> **What the exercise asks**
Reproduce each record verbatim, images excluded.

> **Data shown**
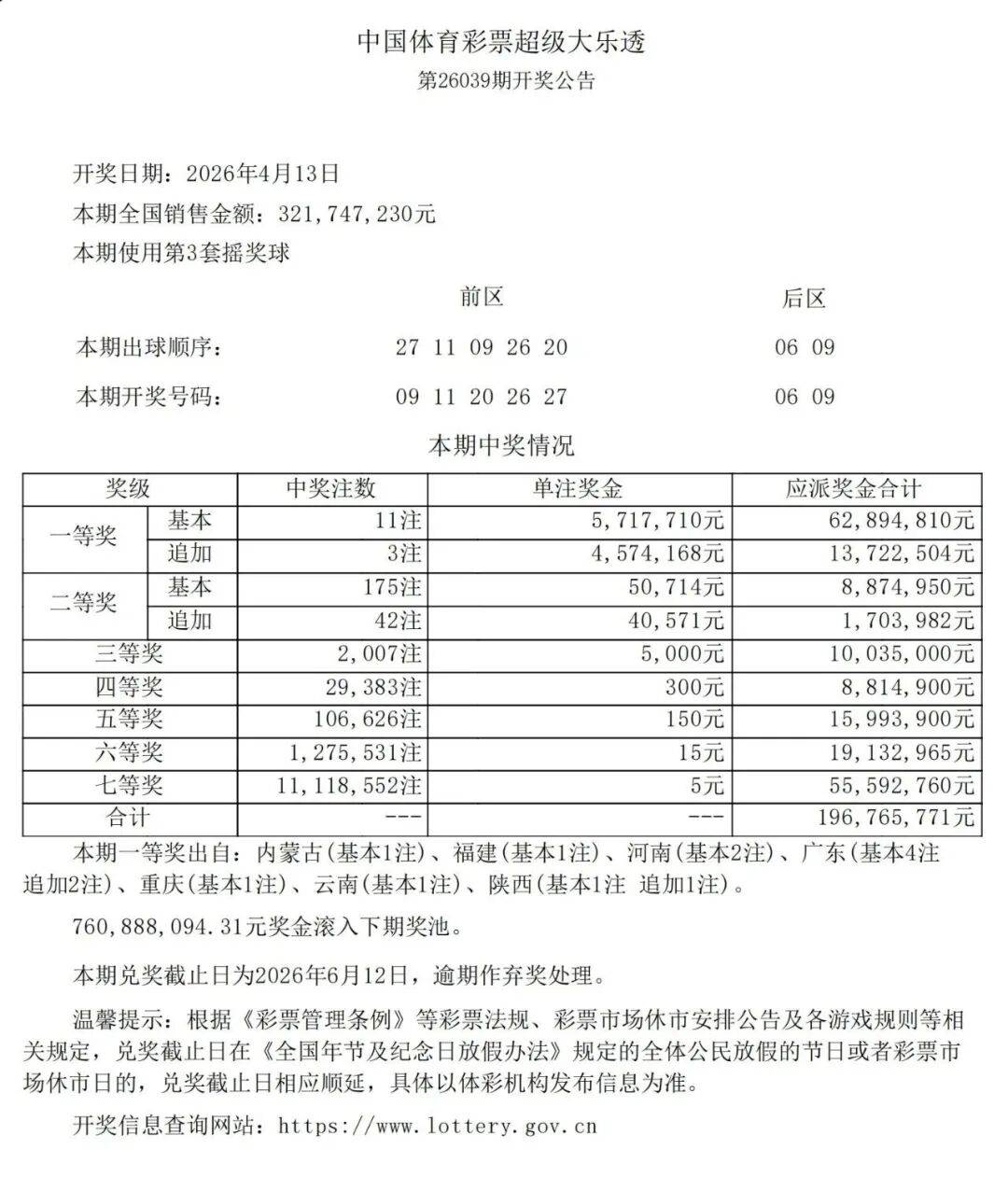 据云南体彩消息,4月13日,超级大乐透26039期开奖,云南省楚雄彝族自治州楚雄市鹿城南路乌山巷1号5308005024门店喜中大奖一注,单注基本奖金571万元。
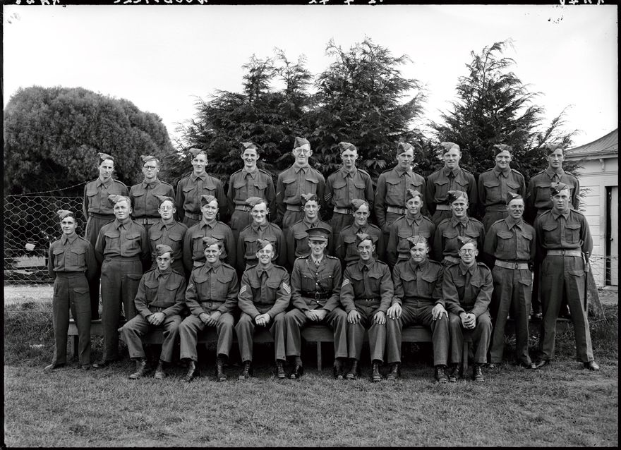 A group of Army personnel taken at the Woodville camp. Many Hawkes Bay regiments spent time in training at the Woodville racecourse.
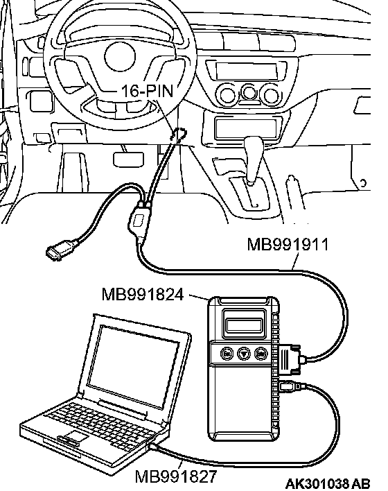CAUTION: To prevent damage to scan tool MB991958, always turn the ignition switch to the "LOCK" (OFF) position before connecting or disconnecting scan tool MB991958.
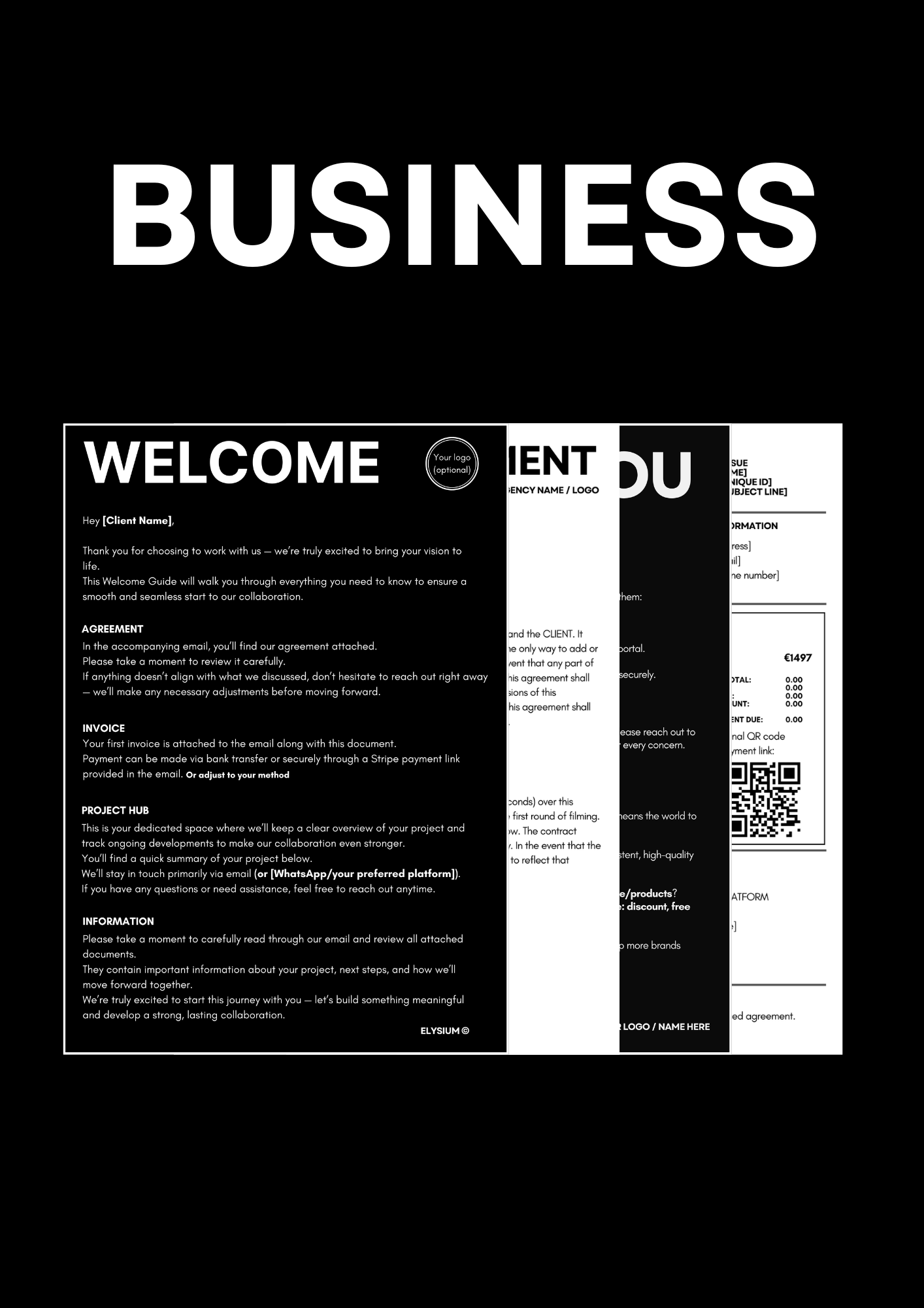 From invoices and welcome packets to branding tools and digital documents — our templates are easy to use, modern, and ready to customize in just a few clicks.
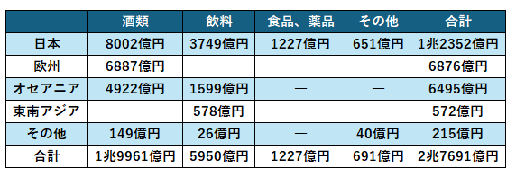 売り上げを分解すると、主力商品は酒類、主力市場は日本だと分かります。とはいえ、注力するのは海外です。ブランド力の強いビールを中心に、グローバルで拡大を目指します。
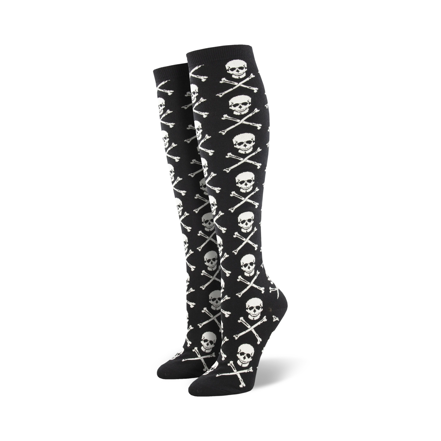 Trick or feet! Show your Halloween spirit with our Crossbones Knee High Socks. Rock a pair of these socks to liven up your Halloween costume, or just to add some spooky fun to your everyday look. With a bold pattern of white skulls and crossbones on a black background, these socks are sure to turn heads wherever you go. They're made with a comfortable cotton blend that will keep your feet happy all day long. Whether you're trick-or-treating, partying, or just hanging out, these socks are the perfect way to add some spooky style to your outfit.
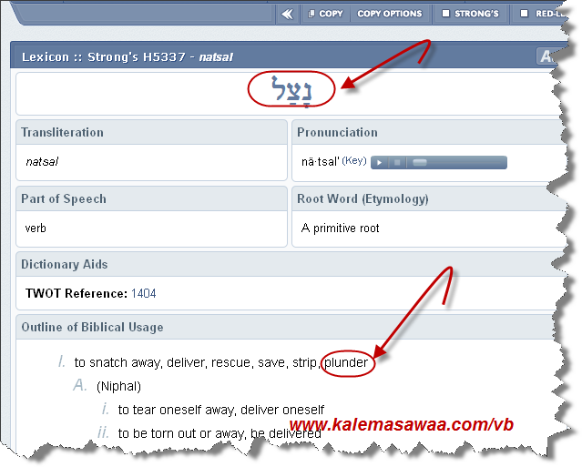 1- القاموس اللي جنابك بتستشهد بيه بيقول : العبرانيون سرقوا و نهبوا المصريين ! من بين معاني كلمة spoil : spoil -------> نهب pillage plunder -------> شرحناها أعلاه و قلنا إن معناها هو السرقة والنهب سواء عنوة أو عن طريق الإحتيال و الخداع fraud ![]() المنصّر طبعا في خضم تدليسه أخفى عن عيون المريدين و الأتباع حقيقة كون القاموس ذاته اللي استشهد بيه يقول : נצל = plunder ![]() يُتبع ......... |

> **Solution to the problem**
 据云南体彩消息,4月13日,超级大乐透26039期开奖,云南省楚雄彝族自治州楚雄市鹿城南路乌山巷1号5308005024门店喜中大奖一注,单注基本奖金571万元。
 A group of Army personnel taken at the Woodville camp. Many Hawkes Bay regiments spent time in training at the Woodville racecourse.
CAUTION: To prevent damage to scan tool MB991958, always turn the ignition switch to the "LOCK" (OFF) position before connecting or disconnecting scan tool MB991958.
 From invoices and welcome packets to branding tools and digital documents — our templates are easy to use, modern, and ready to customize in just a few clicks.
 売り上げを分解すると、主力商品は酒類、主力市場は日本だと分かります。とはいえ、注力するのは海外です。ブランド力の強いビールを中心に、グローバルで拡大を目指します。
 Trick or feet! Show your Halloween spirit with our Crossbones Knee High Socks. Rock a pair of these socks to liven up your Halloween costume, or just to add some spooky fun to your everyday look. With a bold pattern of white skulls and crossbones on a black background, these socks are sure to turn heads wherever you go. They're made with a comfortable cotton blend that will keep your feet happy all day long. Whether you're trick-or-treating, partying, or just hanging out, these socks are the perfect way to add some spooky style to your outfit.
 1- القاموس اللي جنابك بتستشهد بيه بيقول : العبرانيون سرقوا و نهبوا المصريين ! من بين معاني كلمة spoil : spoil -------> نهب pillage plunder -------> شرحناها أعلاه و قلنا إن معناها هو السرقة والنهب سواء عنوة أو عن طريق الإحتيال و الخداع fraud ![]() المنصّر طبعا في خضم تدليسه أخفى عن عيون المريدين و الأتباع حقيقة كون القاموس ذاته اللي استشهد بيه يقول : נצל = plunder ![]() يُتبع ......... |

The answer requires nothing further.